On Monday, Ravens coach John Harbaugh acknowledged that the Ravens' focus is "to get Torrey going, and we're going to be working to do that."

Flacco also said Wednesday that he's conscious of Smith's frustrations.

"Whenever any of my teammates feel frustrated, or anything like that, I feel it too. I think we all do," Flacco said. "We're all in this together, and we've all been there. So no matter who it is, I probably feel a little bit with them, and definitely with [Torrey] because he has been a huge part of our offense for a number of years now. And I really like Torrey, so it's very easy to be in his corner and feel for him."

It's not that Smith hasn't gotten opportunities. He has drawn a league-leading six pass interference penalties. But there have still been far too many times where balls have hit off his hand or just eluded him, too many instances where Flacco and Smith haven't appeared to be on the same page. One occurred in the loss to the Colts as a Flacco pass intended for Smith was instead intercepted by Vontae Davis.

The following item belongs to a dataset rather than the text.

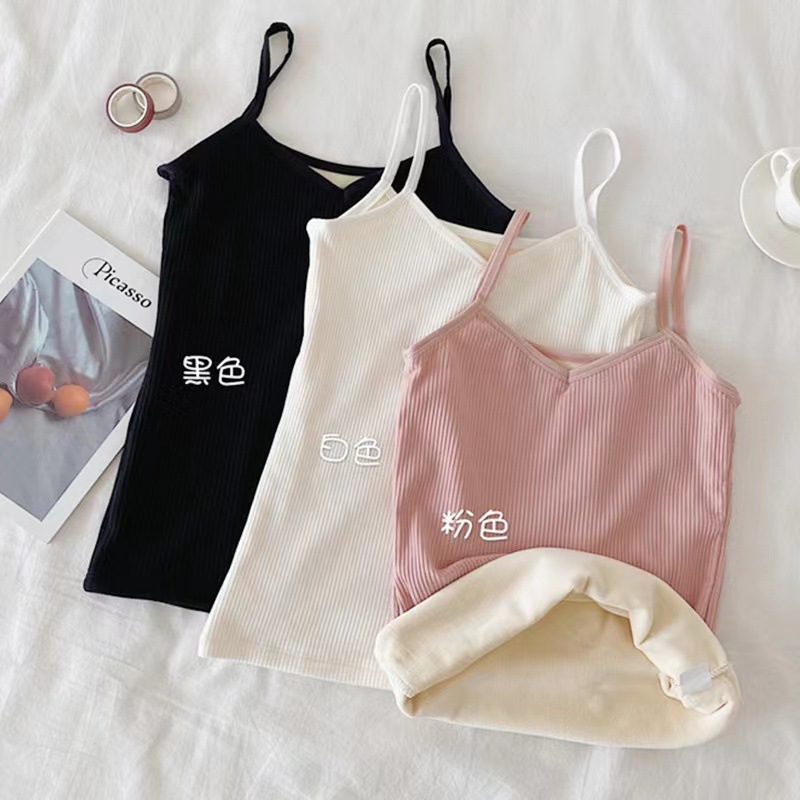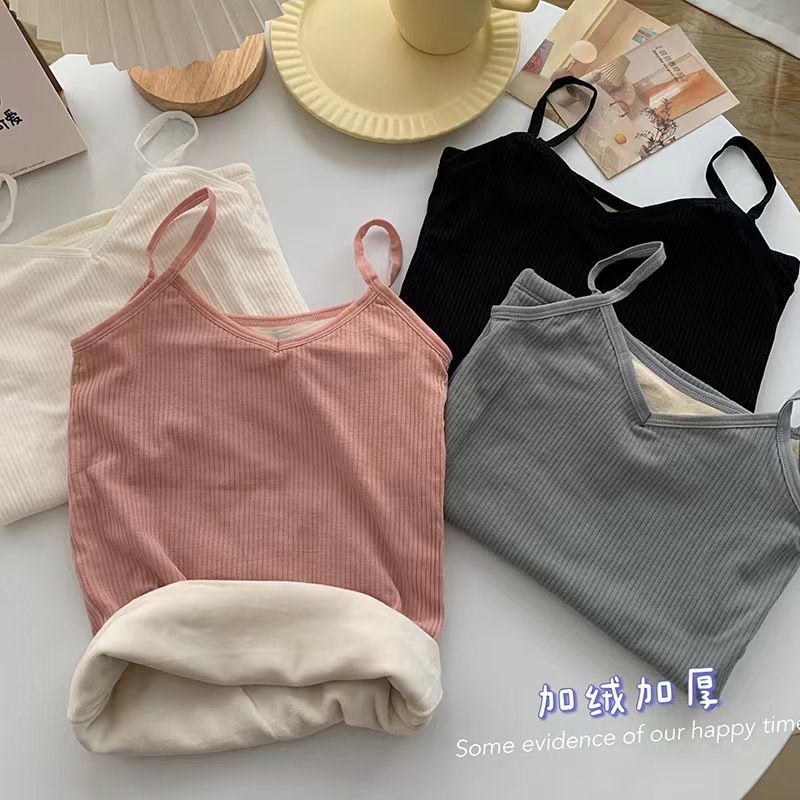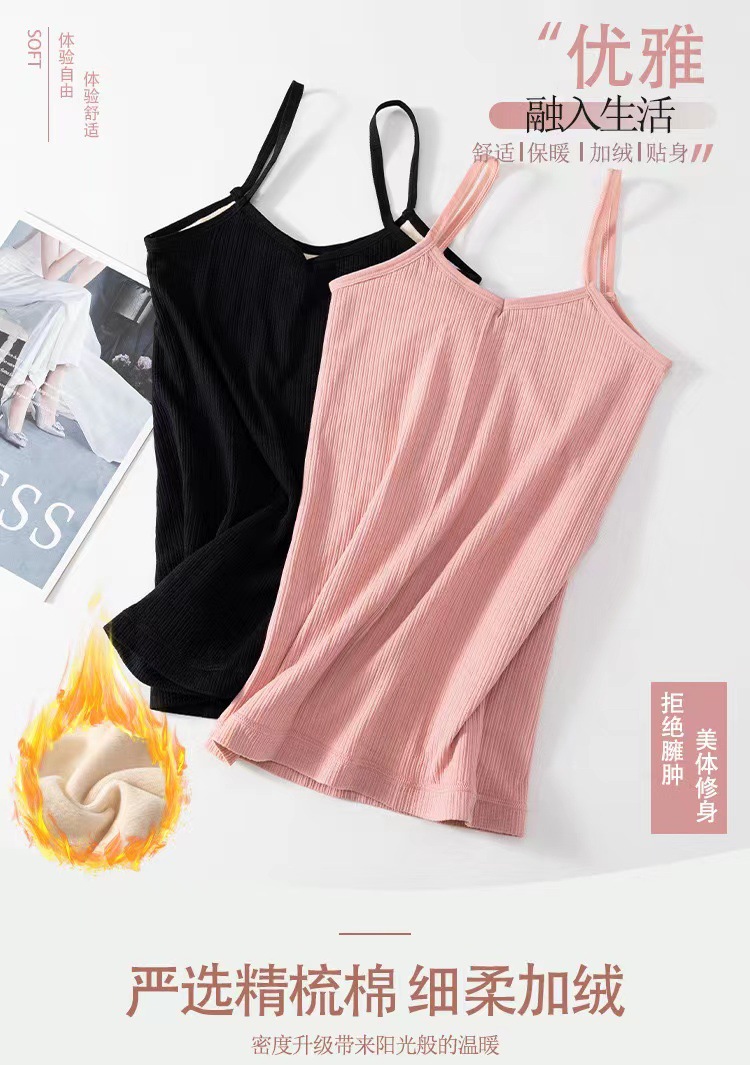 가을과 겨울 따뜻한 기모 캐미솔 두꺼운 슬림핏 베이스 셔츠 내부 난방 탑 방한 속옷 여성 조끼

Coordinator Gary Kubiak's offense emphasizes Flacco getting the ball out quickly and working the short to intermediate areas on the field. Smith's strength, however, has always been his speed and getting behind the defense.

Still, Smith said he'll have plenty of opportunities to make plays. In fact, he said it's only a matter of time.

"I come in here and I look at Joe and I'm like, 'We've done some great things here,' " Smith said. "I don't doubt anything talent-wise or effort-wise. I'm not going to slack off for anything. I'm just working hard because I know that's the way you can get things done. That's how I've been able to be successful."